I don’t want to be overly dramatic and say that this confidence saved my life, but who knows, maybe it did? I’ve taken guns, knives, brass knuckles, and other weapons off of people. I’ve been punched and kicked several times, had someone intentionally drive at me head on in their truck, had my life threatened more than a few times, and many other unfortunate and pointless moments of violence to deal with. So who knows? Maybe some of those individuals saw a short cop answering the call and thought they had a shot at me until they saw how I carried myself? It’s impossible to say, but I am sure that my confidence never hurt me on the job.

The confidence that I seemed to have gained through my Karate training has clearly served me. In fact, it helped me have the confidence to go into business for myself and start my own dojo. Working for myself is something that I had wanted to do for a very long time but I never seemed to have enough courage to do it. It’s not surprising that I finally did it after so many years of training.


If you speak to most people who have trained in Karate for a certain number of years, they will be able to relate to you some tangible ways in which their confidence has grown over the years as well. For me it was a way to stay safe in violent or potentially violent situations, and later believing in myself enough to start a business.

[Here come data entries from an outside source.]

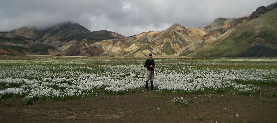 Me next to some veins of "skittle-green" moss...
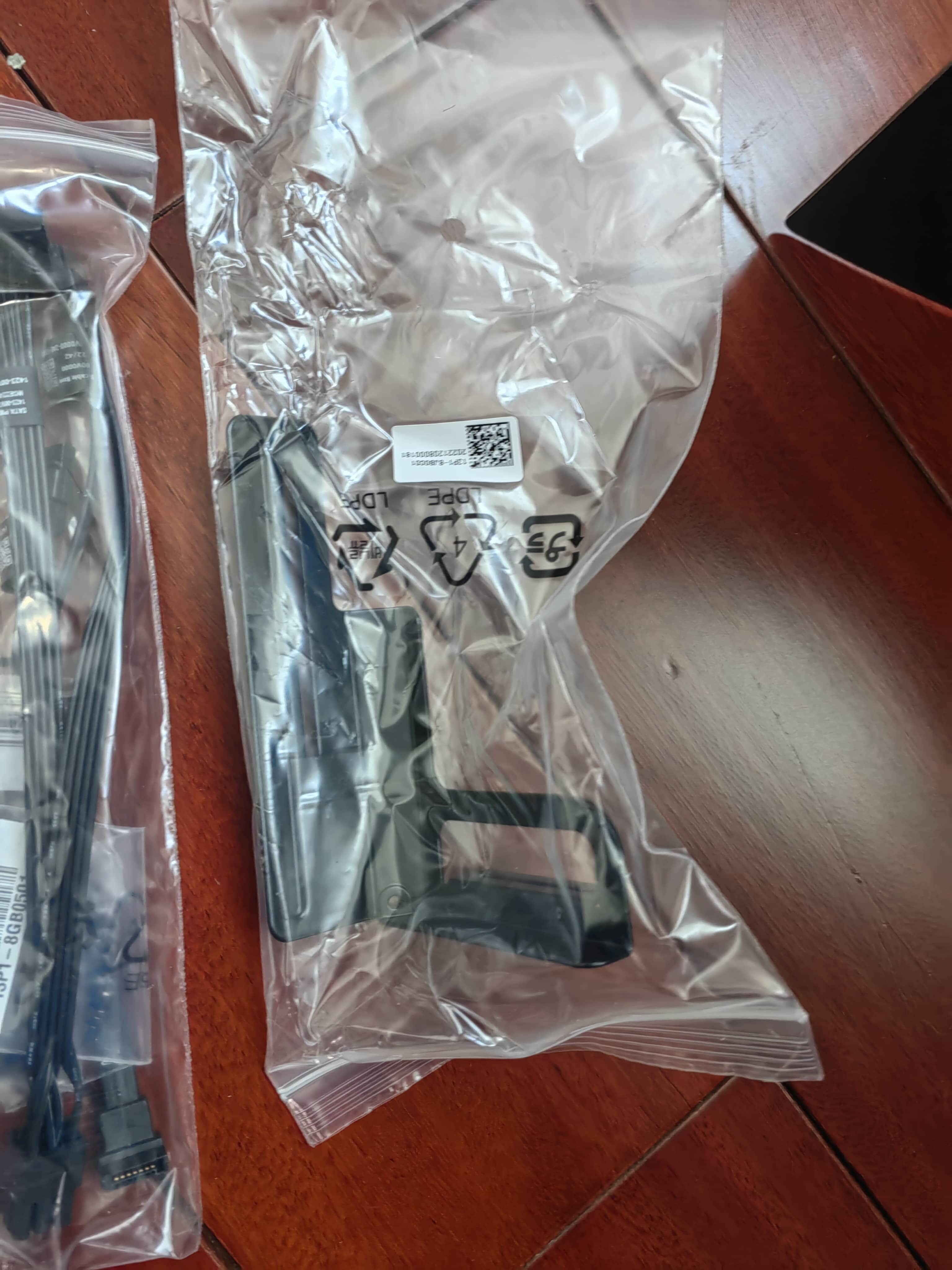 配件一览,两张不用看,一包天线,一包在外面捆着的电源线,一套螺丝和SATA电源线以及显卡支架。
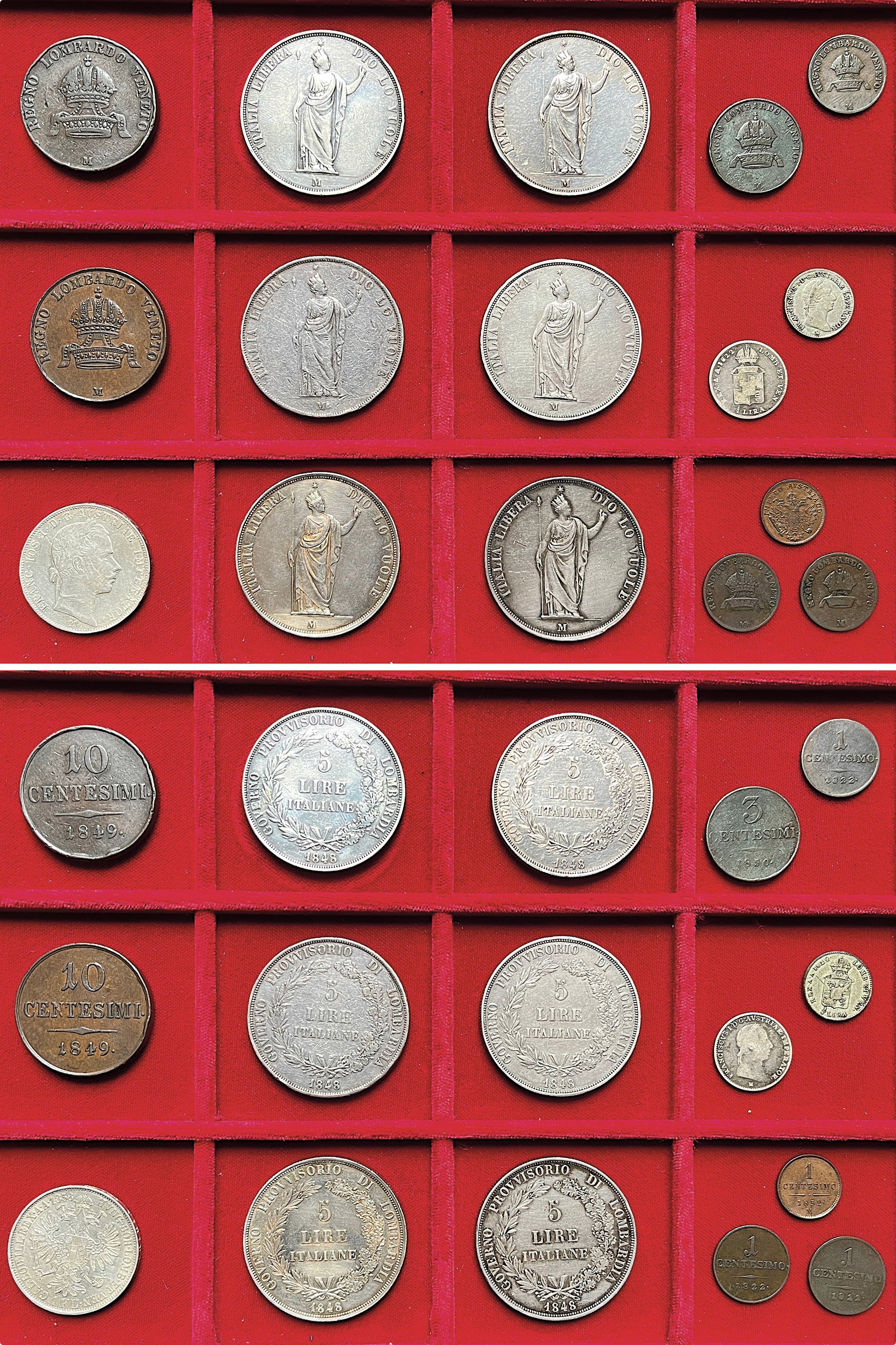 Monetazione mista del Regno Lombardo-Veneto e del Governo Provvisorio di Lombardia. Si segnalano: GOVERNO PROVVISORIO, 1848. 5 Lire 1848 (6 esemplari, uno con tracce di appiccagnolo). FRANCESCO GIUSEPPE D’ASBURGO-LORENA, 1848-1866. Fiorino 1858 - 10 Centesimi 1849. Esemplari in argento e rame. Conservazioni da MB a BB/SPL.
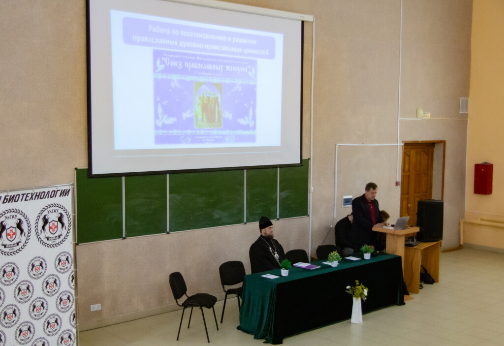 В лекционной аудитории факультета ветеринарной медицины и биотехнологии, которая разместила более 120 человек, собрались студенты с разных факультетов, педагоги, представители руководства факультетов, Агентство ветеринарии и духовенство Чердаклинского благочиния.
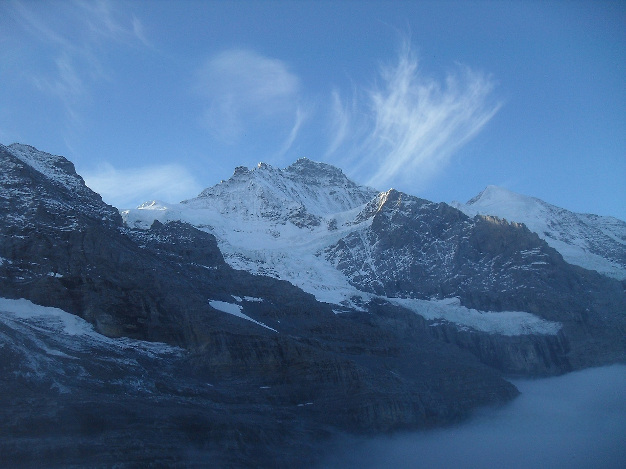 다음날 늦을까 봐 잠을 자는 둥 마는 둥 하고 새벽에 일어나 여행사버스로 인터라켄역에 도착하였다. 인터라켄역은 아직 해가 뜨기 전이다. 새벽열차를 타고 융프라우로 올라가는 중간중간 열차 길 옆으로 그림 같은 집들이 펼쳐있다. 들판에는 양들이 풀을 뜯고 있다. 농가주택들은 모두 국유공원 내에 있기 때문에 디자인, 모양 색깔 등에서 규제를 받는다고 한다. 산악열차의 일부 구간은 산 중간에 뚫린 터널을 통과하여 올라가게 되어 있다. 올라가는 열차길 옆으로 흐르는 작은 냇물은 빙하가 녹아내려 흐르는 물인데 약간 회색을 띠고 있다. 첫 번째 터널을 지나니 갑자기 만년설이 펼쳐진다. 여간해서 감탄을 하지 않는 내 입에서 감탄사가 저절로 나온다. 빨간색 기차를 타고 가다 노란색기차로 갈아탄 것으로 기억되는데 지금은 곤돌라를 이용할 수 있어 융프라우 정상까지 가는데 시간이 단축된다고 한다.
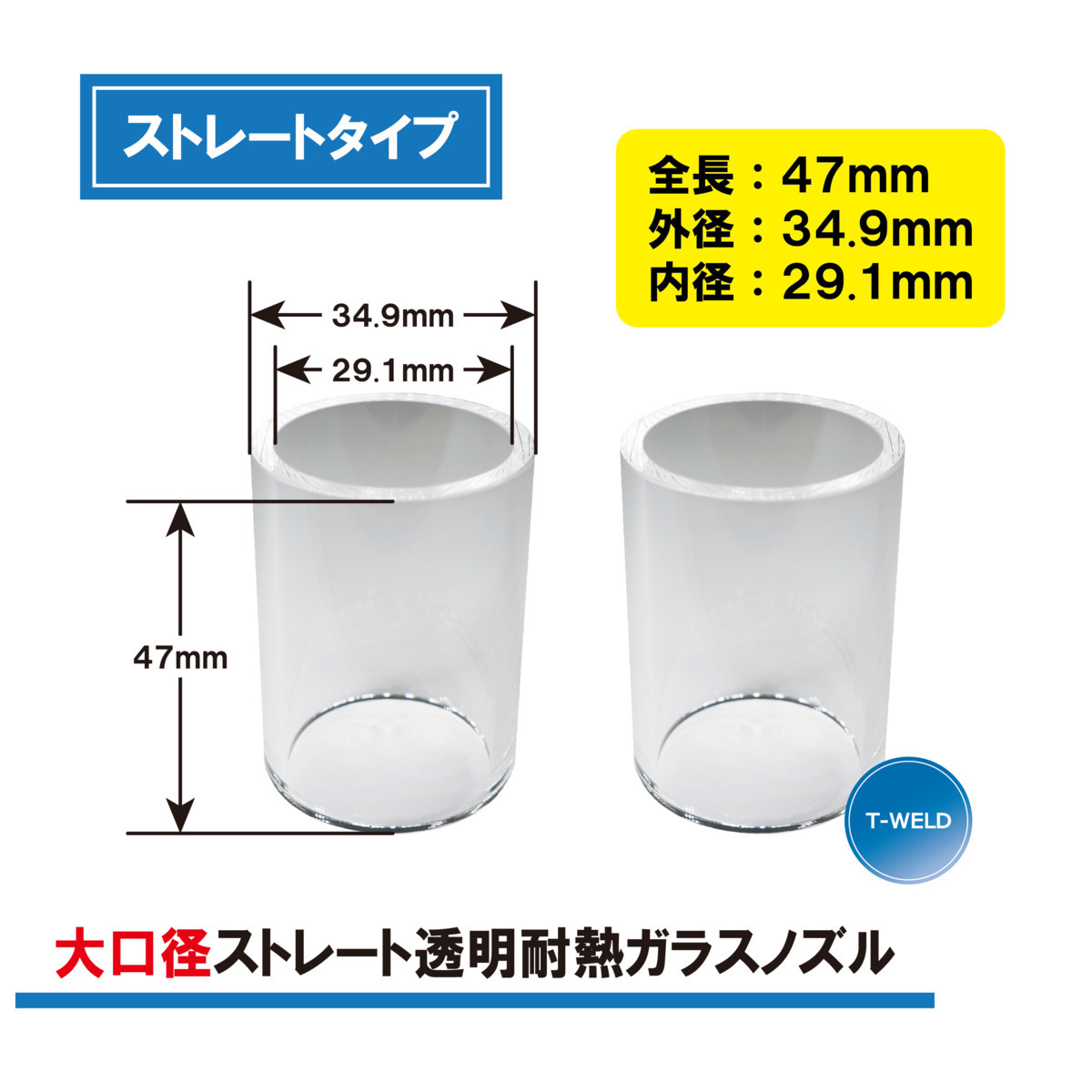- TIG 溶接 WP-17/18/26 大口径ガスレンズ 「ストレートタイプ」 透明耐熱ガラスノズル 長さ47mm 2本・1650円

I think it’s easy to see how you could apply this to yourself. Maybe you are a house builder and you lack the confidence to take on more challenging designs to construct? Maybe you are a school teacher and you want to implement a new learning project but you are too afraid that it might not go well? Maybe you are a health care professional and a patient walks in with a problem you have never dealt with before. You would need the confidence to be able to step back, analyze, and figure it out. Maybe you are a recent graduate and facing the job market for the first time? Or maybe you are looking to go to college soon and are afraid about leaving home and all of the unknowns you are about to face? Increased confidence can be a valuable asset to anyone.


How would you apply a surge of confidence in your life? What goals of yours seem too big to accomplish? What would you like to change in your life that you just feel like you can’t? As your days of Karate training turn into years training, I’m willing to bet that your unfulfilled dreams will seem much more of a reality than you ever thought possible.